Berikut penjelasan alur perencanaan keuangan berbasis syariah, Pertama, Managing Income adalah Pengelolaan pendapatan merupakan bagian terpenting dalam perencanaan keuangan, karena tanpa pendapatan dari sumber yang bersih, maka perencanaan keuangan sebagus apapun akan sia-sia. Makanya harus mencari pendapatan yang halal dan baik.

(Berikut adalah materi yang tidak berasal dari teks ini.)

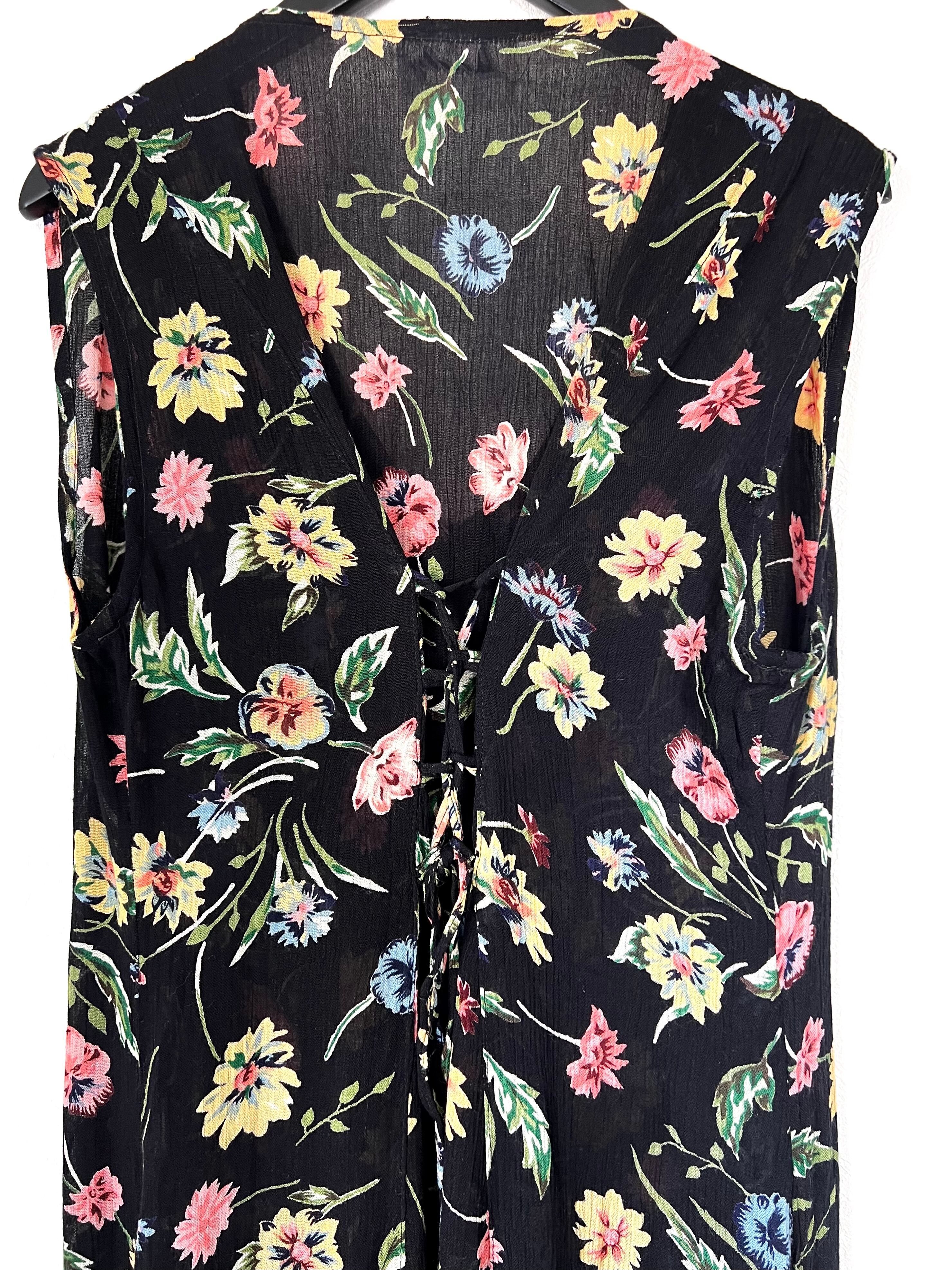 コントラストの綺麗な配色が目を惹く80年代のUSA製ロングドレス。

Kedua, Managing Needs. Kebutuhan (needs) adalah apa saja yang tanpa barang tersebut kita akan menderita atau kebutuhan primer, seperti makanan, pakaian dan tempat tinggal. Hal ini terkait bagaimana mengelola kebutuhan akan mengupas secara lengkap aspek pengeluaran wajib yang harus diperhatikan, di samping bagaimana keluarga harus menyusun prioritas belanja untuk bisa menenuhi semua aspek maqasid syariah.

Ketiga, Managing Dreams/ Wants. Kita mampu secara tegas memisahkan antara kebutuhan (needs) dan keinginan (wants). Keinginan atau dreams merupakan hal-hal yang kita inginkan untuk melengkapi kehidupan, memberi kenyamanan atau memperindah lingkungan sekitar kita. Atau kebutuhan pada dimensi tersier (tertiary/ tahsiniyyat). Kita harus memperhatikan adalah rambu-rambu isyraf (berlebihan) dan mubazir, serta tidak melalaikan kita dari tugas utama sebagai hamba Allah.

Keempat, Managing Surplus/ Deficit. Dalam pengelolaan keuangan, apakah lembaga, usaha, rumah tangga atau level kenegaraan, yang menjadi indikator kesuksesan adalah hasil akhir (bottom line), baik berupa laba atau neraca yang surplus atau berimbang. Rugi atau defisit merupakan kondisi yang tidak diinginkan. Bagaimana neraca keuangan bisa surplus, atau minimal berimbang, sehingga lembaga dan pengusaha akan mampu berfungsi dengan baik, memenuhi semua kewajiban keuangan dan mencapai impiannya.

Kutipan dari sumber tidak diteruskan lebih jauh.